Wystrój i towarzystwo jak w sanatorium, ale desery przepyszne! Porcje są bardzo duże, a ceny niskie - wszystko powyższe skłania do gorącego polecenia Witaminki.
Polecam!. Herbatka dobrze podana (dzbanuszek z wodą, filiżanka z herbatą + cukier w kostkach bez ograniczeń), dobre ciasta i desery, niskie ceny, a przede wszystkim owoce świeże, wygląd dań zachęcający. Jeśli chcemy zabrać kogoś na ciasto i herbatkę to ok. 10 zł na osobę wystarczy, aby umilić sobie czas :)

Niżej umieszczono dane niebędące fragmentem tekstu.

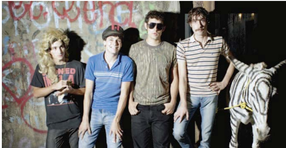
Black Lips, l'un des phénomènes du rock américain actuel, qui devrait bientôt atteindre un statut de groupe inaccessible. Cet été sera sans doute le dernier moment où le public pourra les entendre dans un cadre aussi intimiste que celui des Caves du Manoir.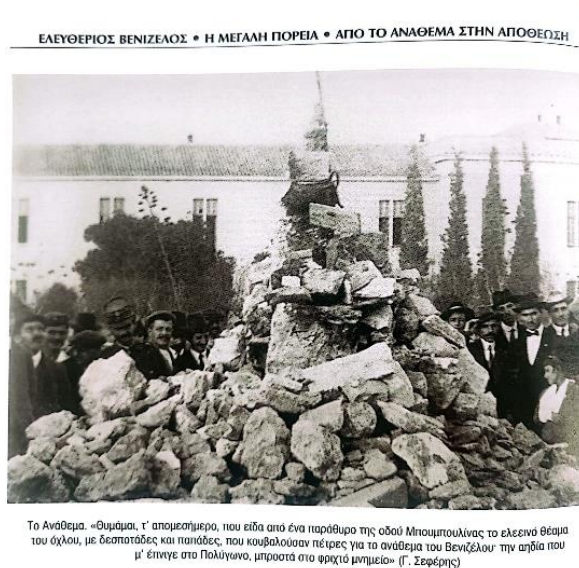
Εικόνα 9: ΤΟ ΑΝΑΘΕΜΑ. Φωτογραφία από το αρχείο του Μουσείου Μπενάκη, «Ελευθέριος Βενιζέλος. Η Μεγάλη πορεία. Από το Ανάθεμα στην αποθέωση», σελ. 98, Σύρου Μαρκάτου, «Τα Νοεμβριανά», Ε-ΙΣΤΟΡΙΚΑ, εκδ. ΕΛΕΥΘΕΡΟΤΥΠΙΑ

Στις 12 Δεκεμβρίου 1916, οι φιλοβασιλικοί στην Αθήνα οργάνωσαν τελετουργία «Αναθέματος» κατά του Βενιζέλου στο Πεδίον του Άρεως, κατόπιν αποφάσεως της Ιεράς Συνόδου της Ελλάδος. «Κατά του Ελευθερίου Βενιζέλου, φυλακίσαντος αρχιερείς και επιβουλευθέντος την Βασιλείαν και την Πατρίδα, ανάθεμα έστω!».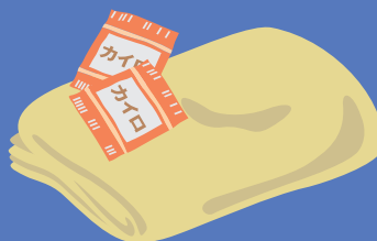
防寒用品(毛布・カイロ …とくに冬季)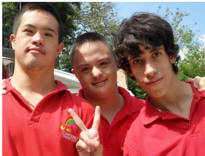
Ilustración 12: Estudiantes crear unidos

Se atienden en talleres de dibujo, pintura y danzas con docentes especializados a 46 personas en promedio con discapacidad cognitiva.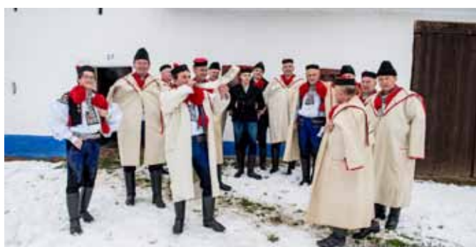
Tradiční Vánoce ve Vlčnově, 9. 12. 2023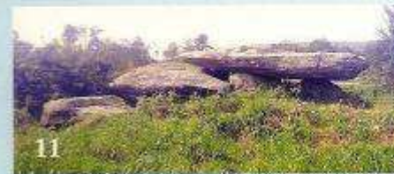
11 Pedra da Arca (Regoelle-Dumbria, Baiñas-Vimianzo)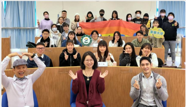
修課學生、評論教師合影

各組學生們分別出外實地考察，臺灣景點包括北投公園、西門紅樓、宜蘭傳藝中心、花蓮文創園區、東大門夜市、吉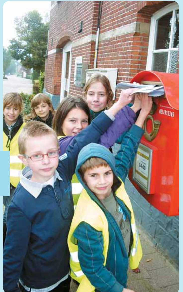
Ook basisschool Baloen in Loenhout post brieven tegen de doodstraf.

Zaskakująco w porządku. Gdybym sugerowała się poprzedzającymi moją recenzję wpisami, pewnie nigdy bym tu nie zawitała. Trafiłam do Witaminki przypadkiem, w pewne słoneczne, listopadowe południe żądna ciepłej herbaty (5 zł za imbryczek, ew. dodatkowo 1 zł za pyszną, kwaskową, domową konfiturę) i deseru. Desery z galaretką (faworyt - jagodowy) faktycznie może nie są spektakularne, ale świeże i smaczne, a naprawdę za 8 zł nie spodziewam się piórek i kandyzowanych fiołków. Wystrój jak wystrój - schludnie i przestronnie. Ale jest coś takiego, co przyciąga wspomniane tu przez kogoś ciocie i babcie (średnia wielu gości w lokalu - 70). Ciasta ok i tanie, mało fikuśne i bez bajerów - ma to swój urok.